This Father’s Day, Sunday, June 17, will be unlike any other for me. Besides the usual Father’s Day activities, I’m going to spend the afternoon with thousands of New Yorkers and people of conscience from around the nation in a silent march from Harlem to the Manhattan home of Mayor Michael Bloomberg.
I’ll be marching alongside NAACP President Benjamin Jealous, National Action Network President the Rev. Al Sharpton, Children’s Defense Fund President Marian Wright Edelman, New York Civil Liberties Union (NYCLU) Director Donna Lieberman, Latino Justice President Juan Cartagena and a host of union, religious, civil and human rights leaders to put an end to the city’s rampant, ineffective, unlawful and discriminatory stop-and-frisk program.
Since our coalition announced the march last month, justice activists, elected officials and the media in large numbers have raised their voices and joined the cause. The rightness of our cause was further demonstrated last month when U.S. District Judge Shira Scheindlin granted class action status to a lawsuit challenging the city’s stop-and-frisk program.
The plaintiffs in the case, Floyd et al. vs. the City of New York, allege that they were stopped by police in the absence of legally necessary “reasonable suspicion” that they had committed a crime.

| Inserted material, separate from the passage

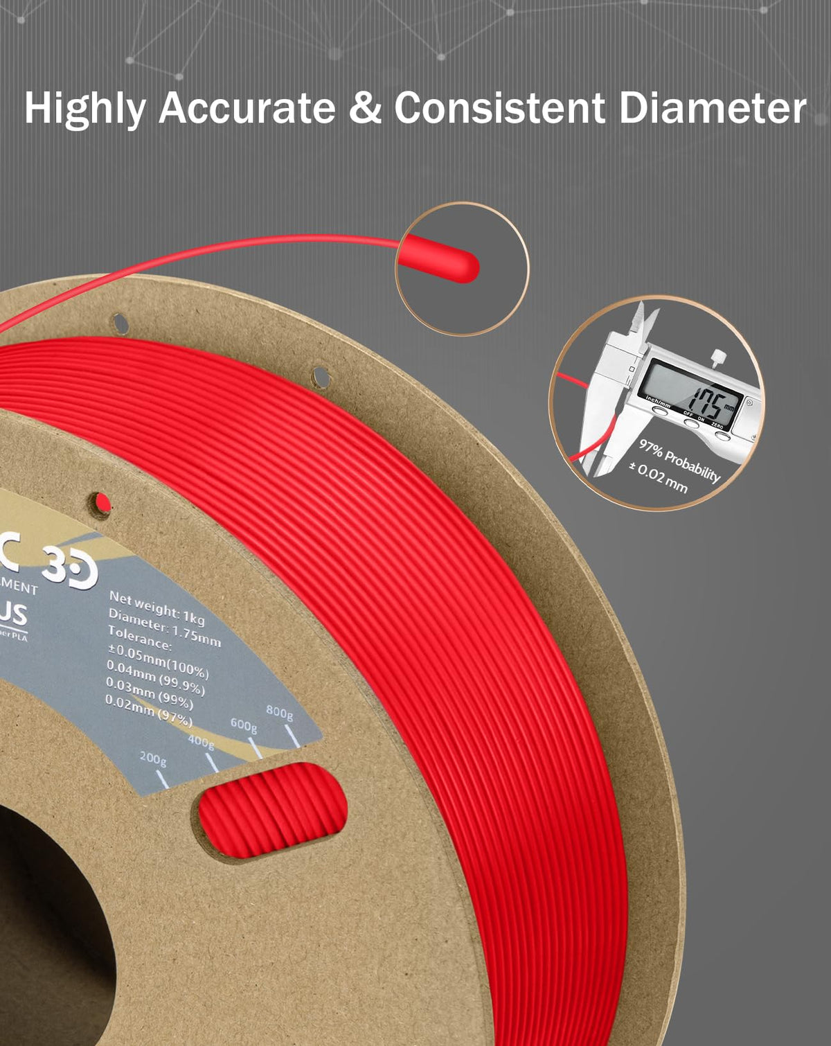 Duramic 3D, Your Trustworthy Cost-Effective Go-To Filaments Brand! Whats Duramic 3Ds Guarantee? Duramic 3D Guarantees You Risk-Free Purchase, Youll Get One-Month Free Trial, Lifetime Quality Promise And Money-Back Service If Youre Not 100% Satisfied, Along With Professional Troubleshooting From Technique Support Team. You Can Contact Us Anytime If You Have Any Issues Or Questions. Important Notice: Duramic 3D Plans To Switch Gradually From Plastic Spools To Cardboard Spools, In Order To Better Protect The Environment. The Cardboard Spool Is Made Of Compressed Recycled Paper, Which Is A Scientific Reuse Of Recycled Resources. Besides, The Paper Spool, Along With The Paper Sticker, Is Easily For Sorting And Recycling Itself. The Filaments Remain The Same Formula And Quality As Before. Pla Plus, Tougher Pla Duramic 3D Pla Plus Printing Filaments Are Advanced Pla Plus Produced With Raw Materials From Natureworks, Which Is The Top Pla Supplier In The World. Compared To Ordinary Pla, Duramic Pla+ Filaments Delivers 8 Times Improved Mechanical Properties And Printing Quality, But At The Same Price Level. Specifications: Net Weight Of Filaments: 1 Kg(2.2 Lbs) * 2 Diameter: 1.75 Mm+/- 0.05 Tolerance: 100% 0.05Mm, 99.9% 0.04Mm, 99% 0.03Mm And 97% 0.02Mm Recommended Nozzle Temp: 22010C (410H - 446H) Heated Bed Temp: 25C - 60C (77H - 140H) Printing Speed: 40-80Mm/S Tips: 1. Please Put The End Of The Filament Tightly Into The Storage Holes To Prevent Tangling Issues Due To Loose Or Bouncing Spool. 2. Please Seal The Unfinished Spool In The Resealable Bag With Desiccant To Avoid Humidity. 3. Please Make Sure Your Build Plate Is Properly Levelled Before Printing.

“Suspicionless stops should never occur,” wrote Scheindlin, adding that the widespread practice of such stops “displays a deeply troubling apathy towards New Yorkers’ most fundamental constitutional rights.” She decried the NYPD’s “policy of establishing performance standards and demanding increased levels of stops and frisks.”
The judge’s ruling confirmed what so many of us have contended: Stop-and-frisk is nothing more than an insidious form of racial profiling that violates the Fourth Amendment’s unreasonable search and seizure clause and the 14th Amendment’s equal protection clause.
In essence, rather than enforce our Constitution, the NYPD violates it. By doing so, it is supplanting necessary police work with practices more closely associated with a police state.
The NYCLU reported that in 2011, NYPD officers conducted 685,724 street stops, a more than 600 percent increase since 2002, Bloomberg’s first year in office, when officers conducted 97,000 stops. NYPD statistics reveal more than 200,000 stops during the first three months of this year.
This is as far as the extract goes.